▶ The problem
Transcribe only the part of the material below that begins at the line containing "- Ponemos en" and ends at the line containing "日前,一条横跨学校五行大草坪", with both kept and images left out.

The records Block Start

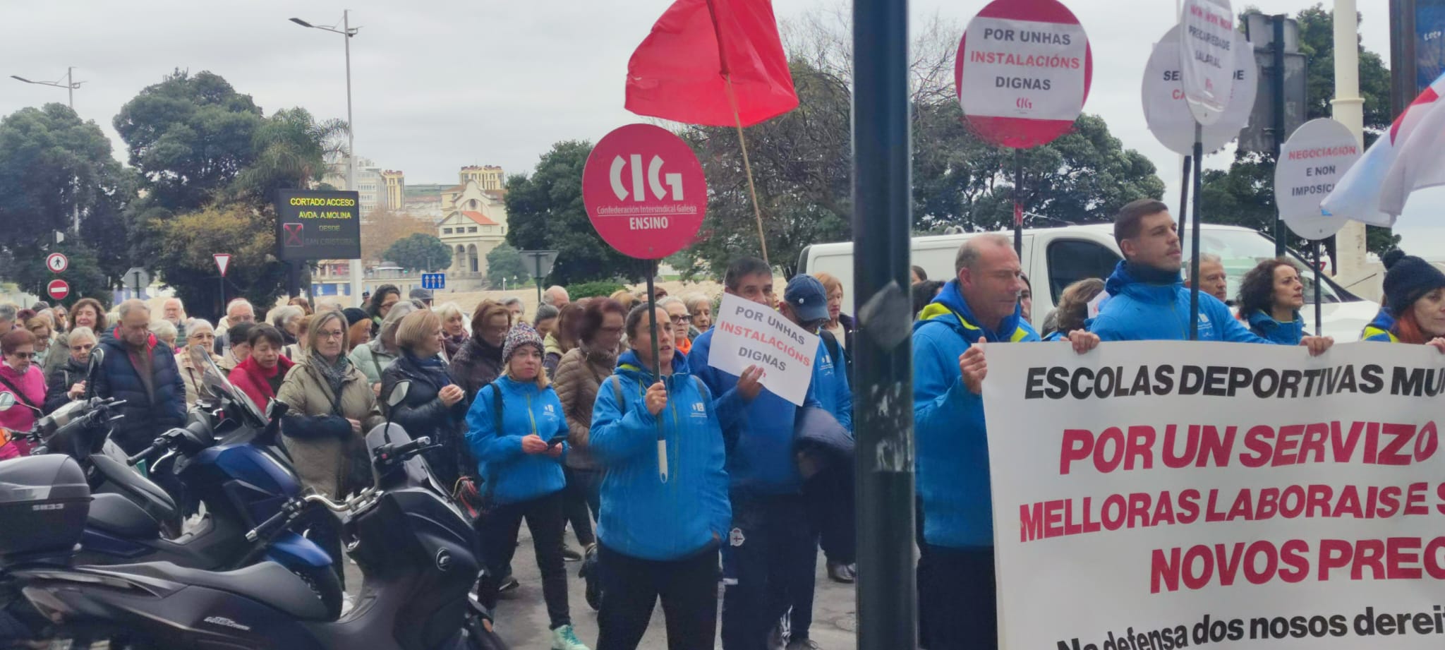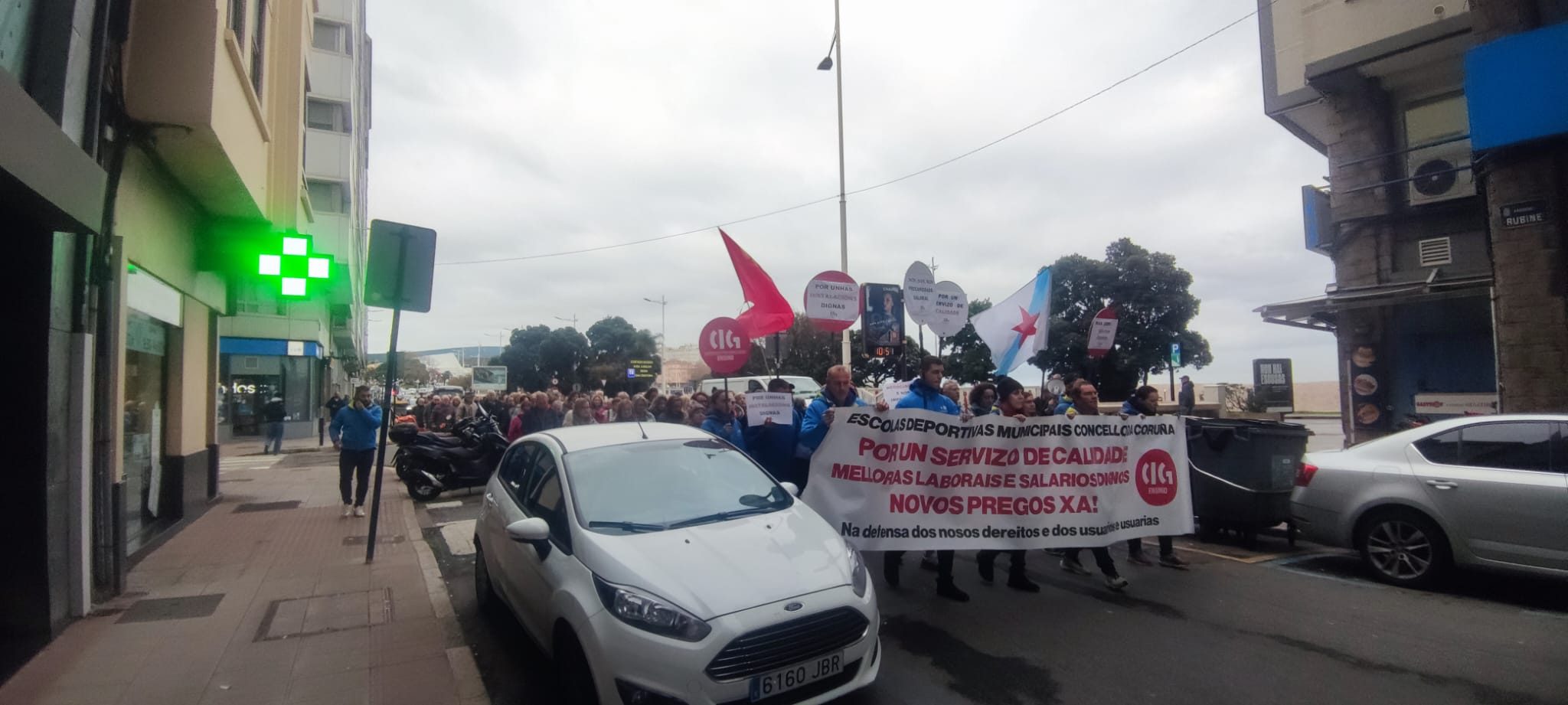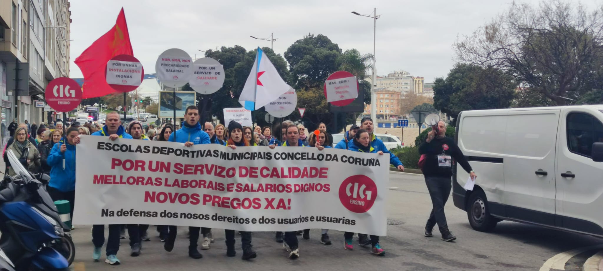 O 100% do cadro de persoal das Escolas Deportivas da Coruña (servizo adxudicado á empresa Serviplus) secundou este xoves a folga de tres horas convocada para reclamar a dignificación laboral e que o Concello respecte o compromiso para avanzar na mellora das condicións económicas e de traballo no seguinte prego da concesión.
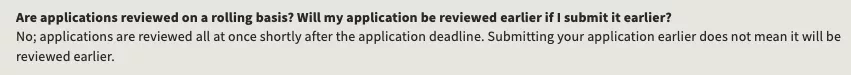 在每个截止时间后,都会有一批录取通知发出。 在硬性条件达标的情况下,早申请的人会有优势,申请成功率也较高。
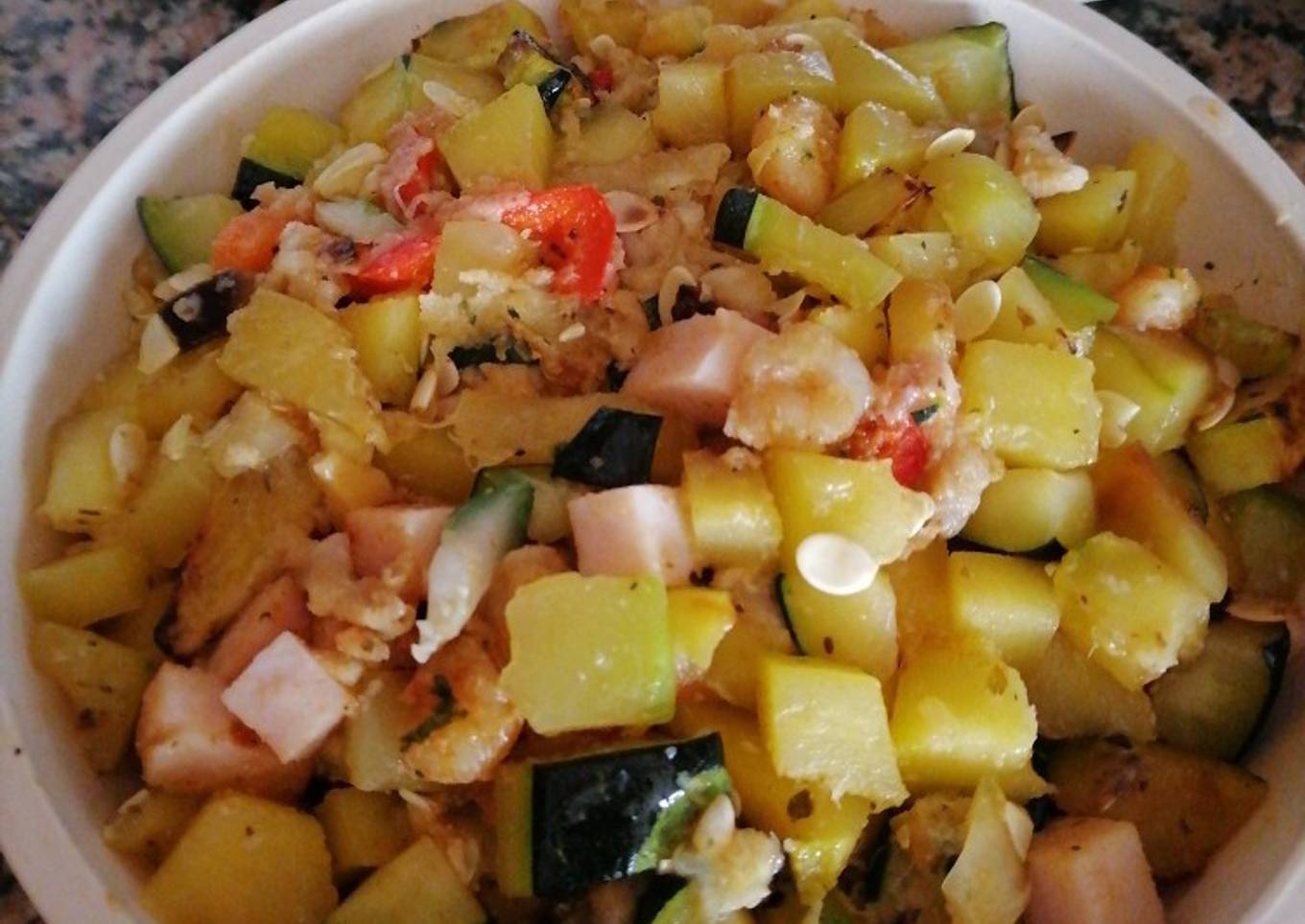 - Ponemos en el airfryer el calabacín a 200ºC durante 20 minutos, sazonado y cuando queden unos 6-7 minutos paramos la freidora y añadimos la verdura en tempura y el pavo. Seguimos cocinando y listo para servir con la gambas al pilpil todo mezclado.
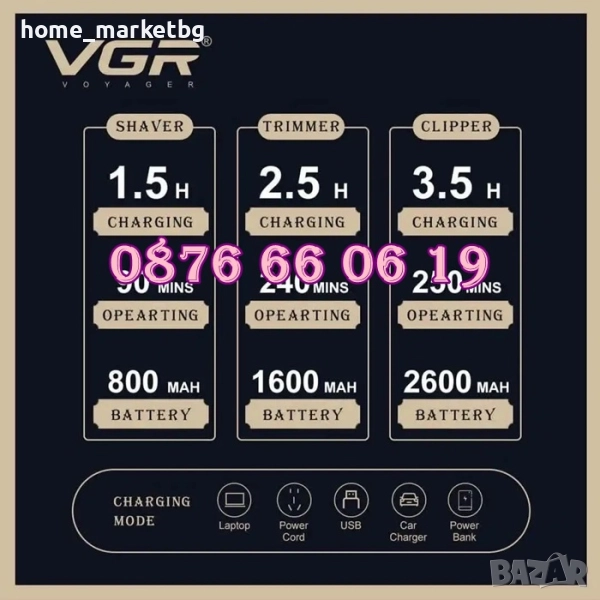 КОМПЛЕКТ Машинка за подстригване, самобръсначка и тример VGR 642 → Обява 52409142
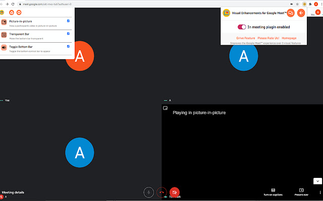 我们免费的Google Meet™视觉增强功能使您可以快速启用/禁用Google Meet通话的一组视觉效果。
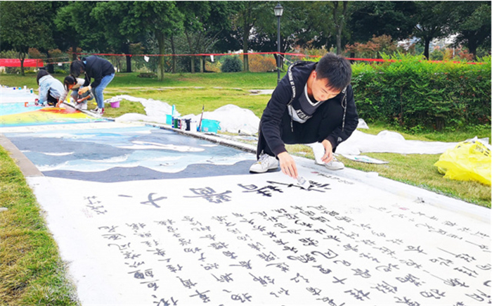 日前,一条横跨学校五行大草坪,长138米,宽 1.6米的校园通道被该校学生“改造”成二十四节气文化主题大道。该作品以节气知识为主体,融入中医养生、学校精神等元素,运用书法、绘画等形式予以呈现。该校200余名学生参与了创作。图为创作现场。
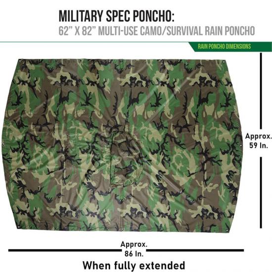 В: Так, пончо має шнурок на талії та 8 міцних металевих люверсів, що дозволяє легко використовувати його як намет для виживання, резервуар для води, носилки для екстреного перенесення, чохол для гамака, роздільник для намету, екран для забезпечення конфіденційності та приховане укриття.
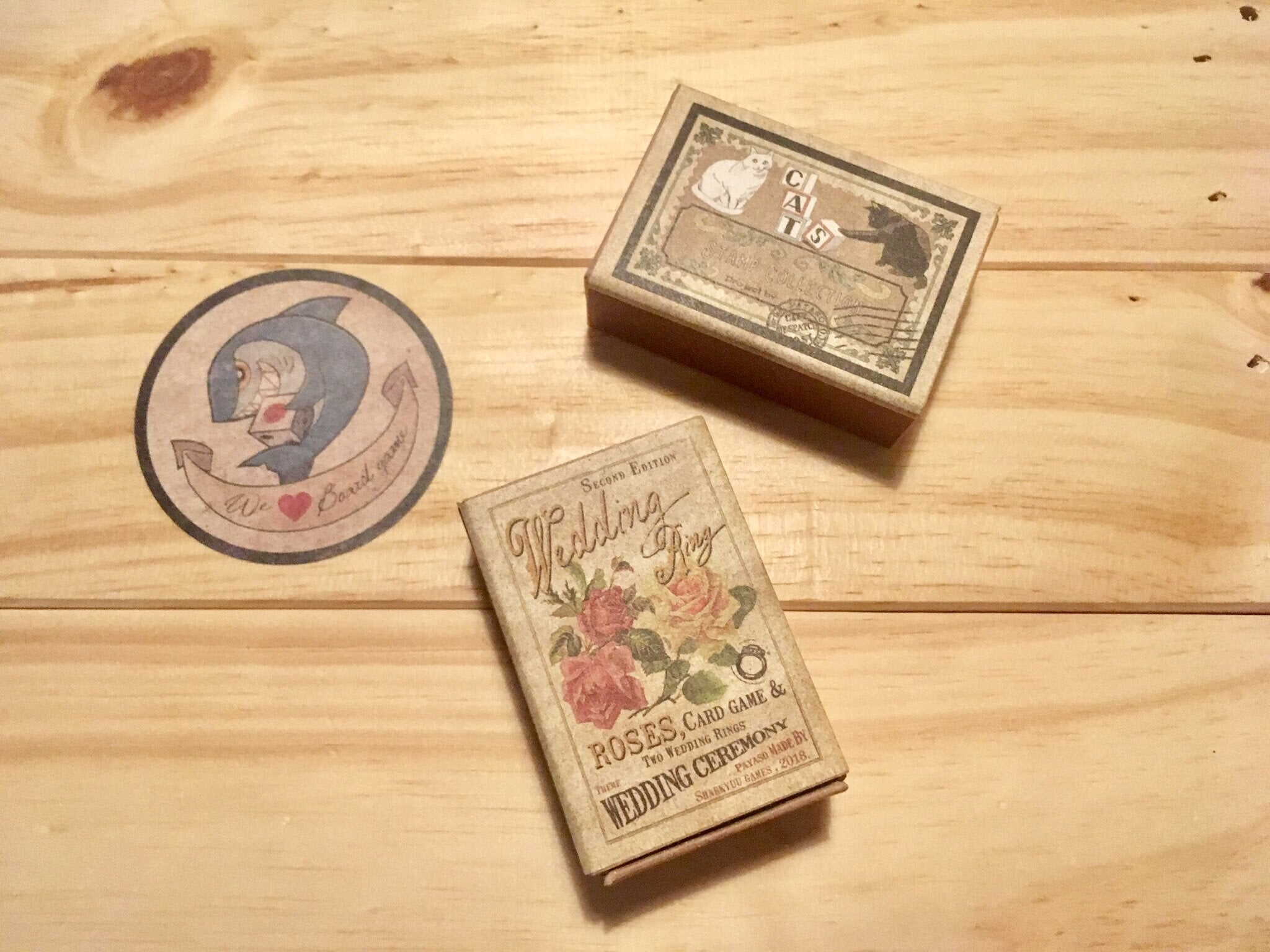 2020/06/26 01:55支援者の皆様へ商品の進捗状況についてご報告いたします。【パッケージ】大変お待たせいたしました。「Stamp collection CATS」「Wedding Ring 第2版」のパッケージが完成いたしました。予想以上の出来栄えでとても満足しています!早く皆様のお手元に届けられるよう尽力いたします。中のカードなどが届き次第発送いたしますので、商品のお届けまで今しばらくお待ちくださいませ。【クラウドファンディング第3弾について】おかげさまで目標金額の60%を達成することが出来ました!しかしながら残り40%が残っております...ぜひ!皆様のお力をお貸しくださいませ!今回からマッチ箱のゲームが4個入るコレクションボックスもリターンに設定いたしましたので、今回のゲームと合わせてコレクションしてみてはいかがでしょうか♪今回のCF第3弾は大量のダイスを発注するために、ゴール金額が少し高くなってしまいましたが、皆様のご協力の元、告知又は支援して頂けますととても嬉しいです。URL:https://camp-fire.jp/projects/view/298232 もっと見る
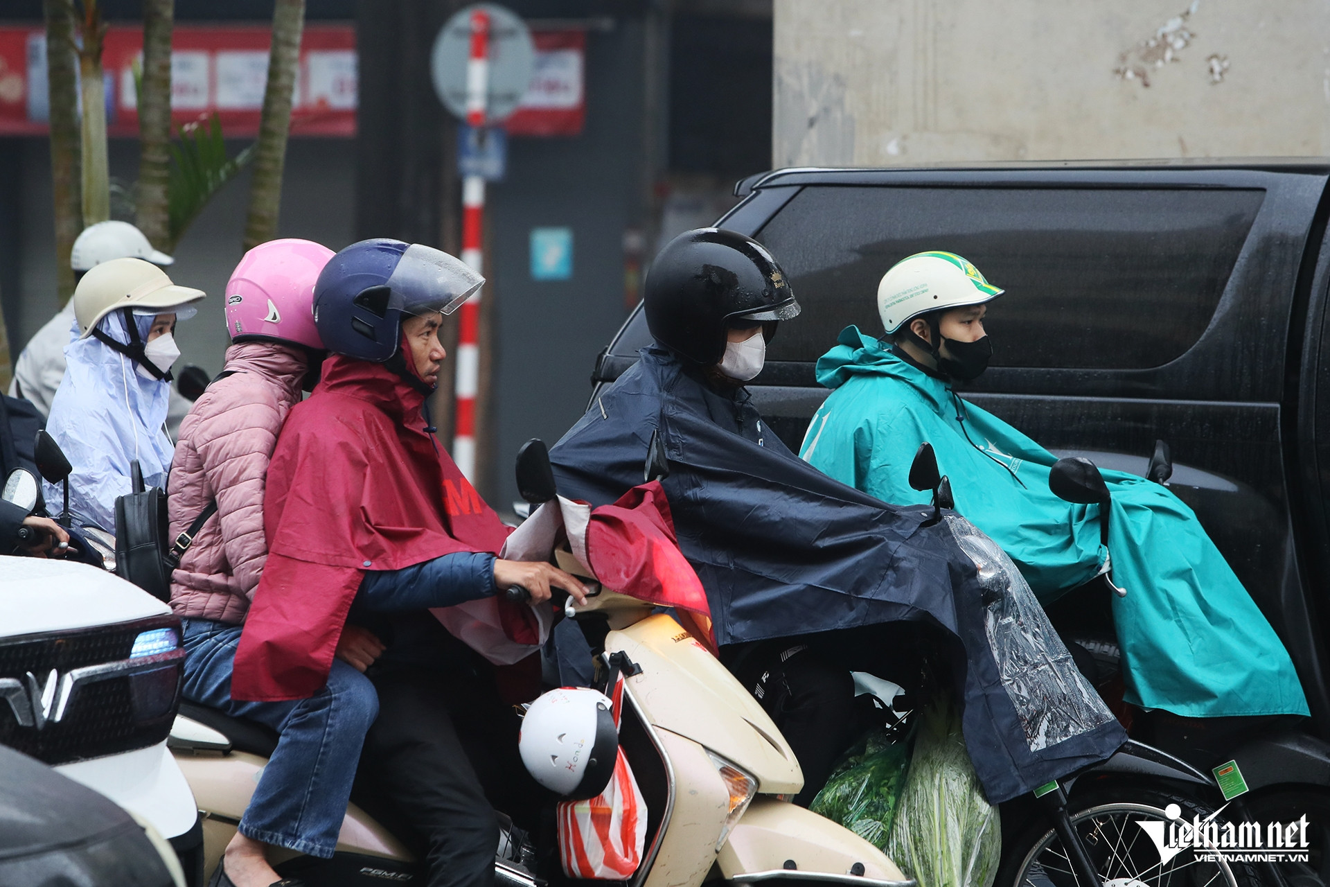 Anh Nguyễn Toàn (Thanh Oai, Hà Nội) cho biết, nhiệt độ ngoài trời giảm và có mưa nên khá rét. Việc đi xe máy trong trời mưa, đường trơn khá khó khăn.
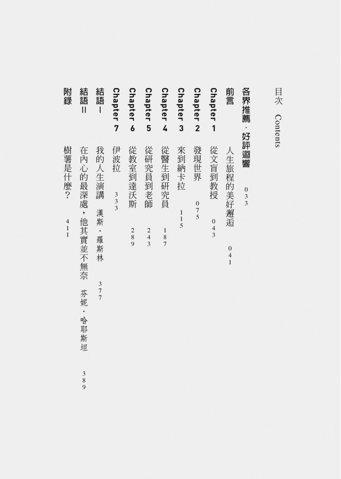 總而言之,這本書中沒有什麼數據,它探討我和人們相遇、交流的經過。這些邂逅總使我雙眼一亮,重新進行思考。
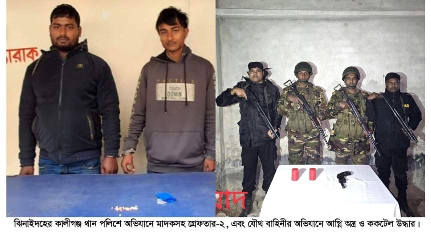 ঝিনাইদহের কালীগঞ্জ উপজেলায় পুলিশের পৃথক অভিযানে মাদক, অস্ত্র ও ককটেল উদ্ধার করা হয়েছে। এসব অভিযানে দুইজনকে গ্রেফতার করা হয়েছে। উদ্ধার হওয়া আলামতের মধ্যে রয়েছে ইয়াবা ট্যাবলেট, একটি একনলা বন্দুক ও দুটি ককটেল। পুলিশ জানিয়েছে, গ্রেফতারদের বিরুদ্ধে মাদকদ্রব্য ও অস্ত্র আইনে একাধিক মামলা দায়ের করা হয়েছে।
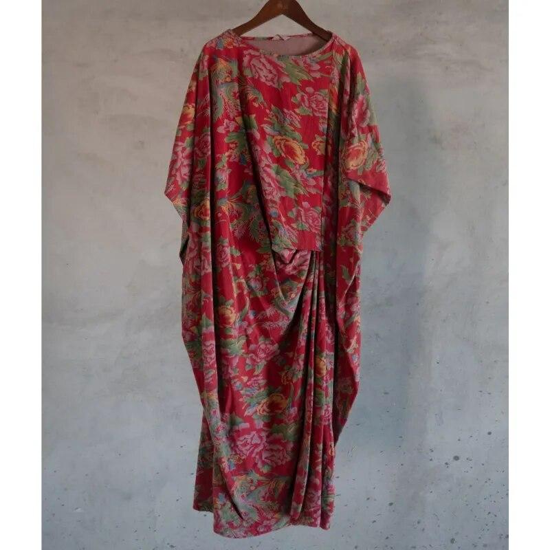 Johnature Women Vintage Irregular Dresses O-Neck Sleeveless Print Floral Robes Summer Chinese Style Women Dress

The records Block End

▶ Response below
 - Ponemos en el airfryer el calabacín a 200ºC durante 20 minutos, sazonado y cuando queden unos 6-7 minutos paramos la freidora y añadimos la verdura en tempura y el pavo. Seguimos cocinando y listo para servir con la gambas al pilpil todo mezclado.
 КОМПЛЕКТ Машинка за подстригване, самобръсначка и тример VGR 642 → Обява 52409142
 我们免费的Google Meet™视觉增强功能使您可以快速启用/禁用Google Meet通话的一组视觉效果。
 日前,一条横跨学校五行大草坪,长138米,宽 1.6米的校园通道被该校学生“改造”成二十四节气文化主题大道。该作品以节气知识为主体,融入中医养生、学校精神等元素,运用书法、绘画等形式予以呈现。该校200余名学生参与了创作。图为创作现场。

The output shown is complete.